The problem:
Look below for the line with "Переделайте сравнение в" and the line with "傍晚18時,接到住建局派達的". Copy exactly those two lines and every line between, but not the pictures.

Task data:
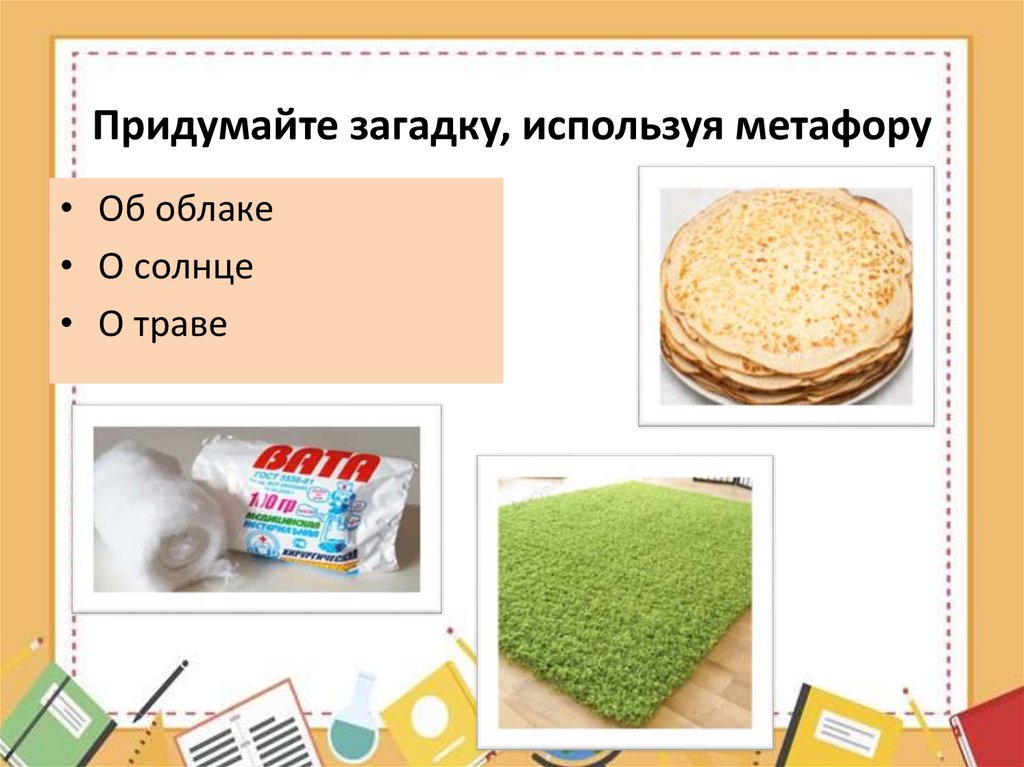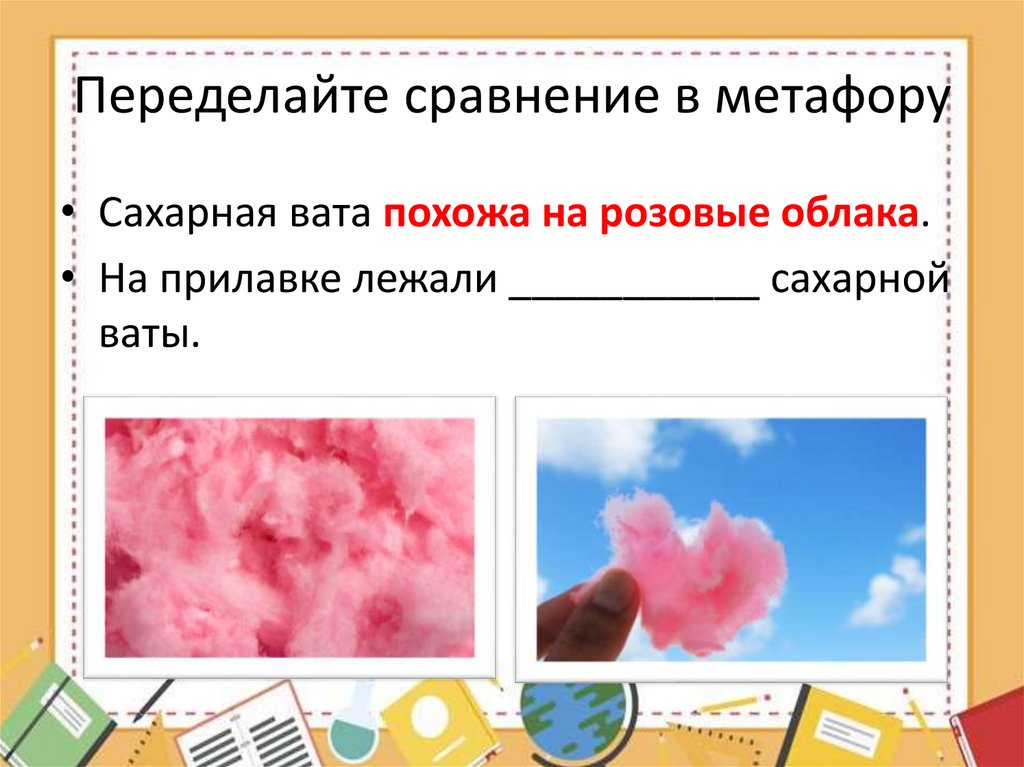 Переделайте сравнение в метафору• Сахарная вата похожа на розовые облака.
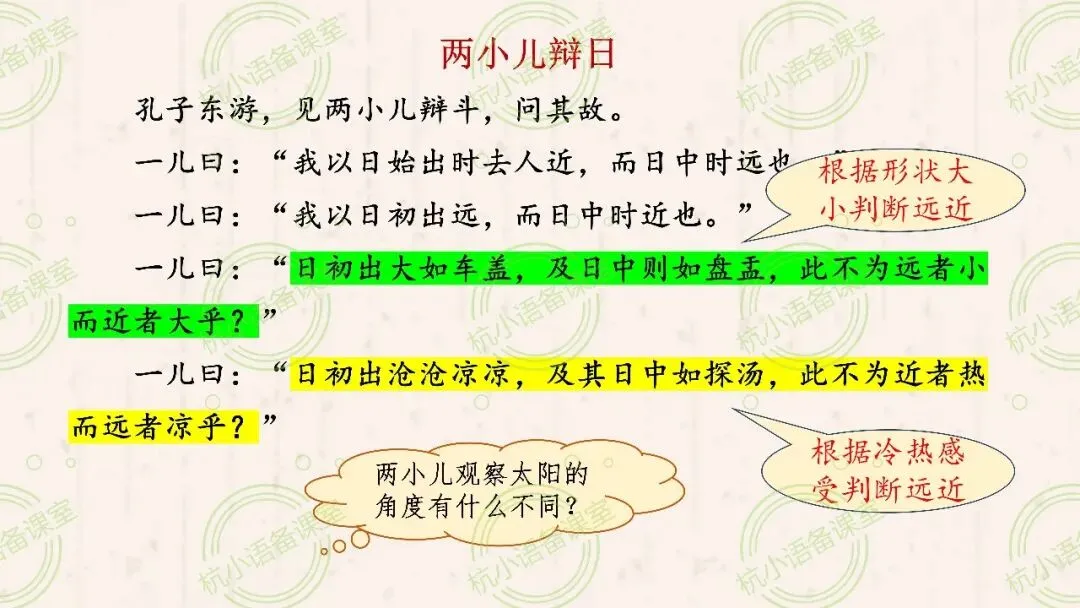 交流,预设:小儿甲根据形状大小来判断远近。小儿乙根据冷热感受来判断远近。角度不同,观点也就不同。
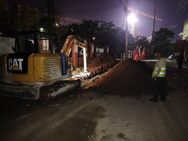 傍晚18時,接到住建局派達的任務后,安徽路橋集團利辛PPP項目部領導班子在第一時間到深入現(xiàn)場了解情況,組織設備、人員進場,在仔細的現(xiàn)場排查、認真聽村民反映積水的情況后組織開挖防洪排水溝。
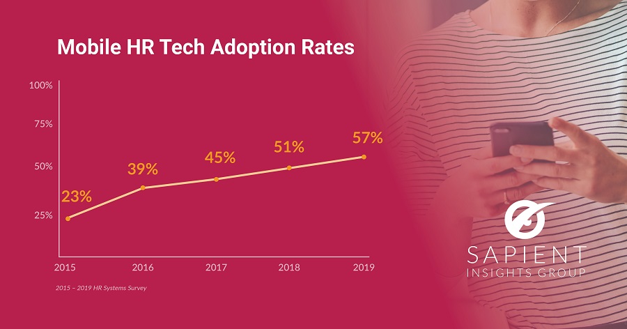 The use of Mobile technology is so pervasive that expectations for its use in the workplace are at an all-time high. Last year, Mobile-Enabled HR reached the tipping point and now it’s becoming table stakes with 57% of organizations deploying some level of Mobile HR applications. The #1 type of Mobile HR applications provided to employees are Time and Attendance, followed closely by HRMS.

---

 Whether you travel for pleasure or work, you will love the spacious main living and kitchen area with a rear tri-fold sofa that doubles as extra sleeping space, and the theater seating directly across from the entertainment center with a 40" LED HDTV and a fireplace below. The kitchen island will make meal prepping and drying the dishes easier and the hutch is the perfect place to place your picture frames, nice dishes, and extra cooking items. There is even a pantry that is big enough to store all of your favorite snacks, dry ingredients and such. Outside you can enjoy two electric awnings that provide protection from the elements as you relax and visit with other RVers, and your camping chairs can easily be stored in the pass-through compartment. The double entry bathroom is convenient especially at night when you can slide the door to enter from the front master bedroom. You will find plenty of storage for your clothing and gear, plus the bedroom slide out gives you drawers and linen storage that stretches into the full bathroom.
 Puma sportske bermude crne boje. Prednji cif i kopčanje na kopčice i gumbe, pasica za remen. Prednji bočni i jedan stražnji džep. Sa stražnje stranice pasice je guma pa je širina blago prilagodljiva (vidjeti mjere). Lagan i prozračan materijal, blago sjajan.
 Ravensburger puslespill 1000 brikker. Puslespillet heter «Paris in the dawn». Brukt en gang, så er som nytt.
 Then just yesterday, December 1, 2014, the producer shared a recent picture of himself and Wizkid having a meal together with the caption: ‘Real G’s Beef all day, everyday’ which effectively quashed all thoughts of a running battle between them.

* * *

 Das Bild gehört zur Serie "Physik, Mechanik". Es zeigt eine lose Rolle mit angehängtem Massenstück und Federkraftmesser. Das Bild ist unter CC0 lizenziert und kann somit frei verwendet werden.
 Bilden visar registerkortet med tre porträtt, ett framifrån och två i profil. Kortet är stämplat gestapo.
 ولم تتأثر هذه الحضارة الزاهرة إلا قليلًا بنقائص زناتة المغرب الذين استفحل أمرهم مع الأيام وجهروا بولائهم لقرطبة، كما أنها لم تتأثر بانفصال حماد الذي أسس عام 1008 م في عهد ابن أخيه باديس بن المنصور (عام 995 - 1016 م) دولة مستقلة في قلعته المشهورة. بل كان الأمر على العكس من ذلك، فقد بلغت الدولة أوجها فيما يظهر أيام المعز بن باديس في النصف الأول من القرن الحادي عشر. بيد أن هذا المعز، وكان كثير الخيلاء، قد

Response area:
 Переделайте сравнение в метафору• Сахарная вата похожа на розовые облака.
 交流,预设:小儿甲根据形状大小来判断远近。小儿乙根据冷热感受来判断远近。角度不同,观点也就不同。
 傍晚18時,接到住建局派達的任務后,安徽路橋集團利辛PPP項目部領導班子在第一時間到深入現(xiàn)場了解情況,組織設備、人員進場,在仔細的現(xiàn)場排查、認真聽村民反映積水的情況后組織開挖防洪排水溝。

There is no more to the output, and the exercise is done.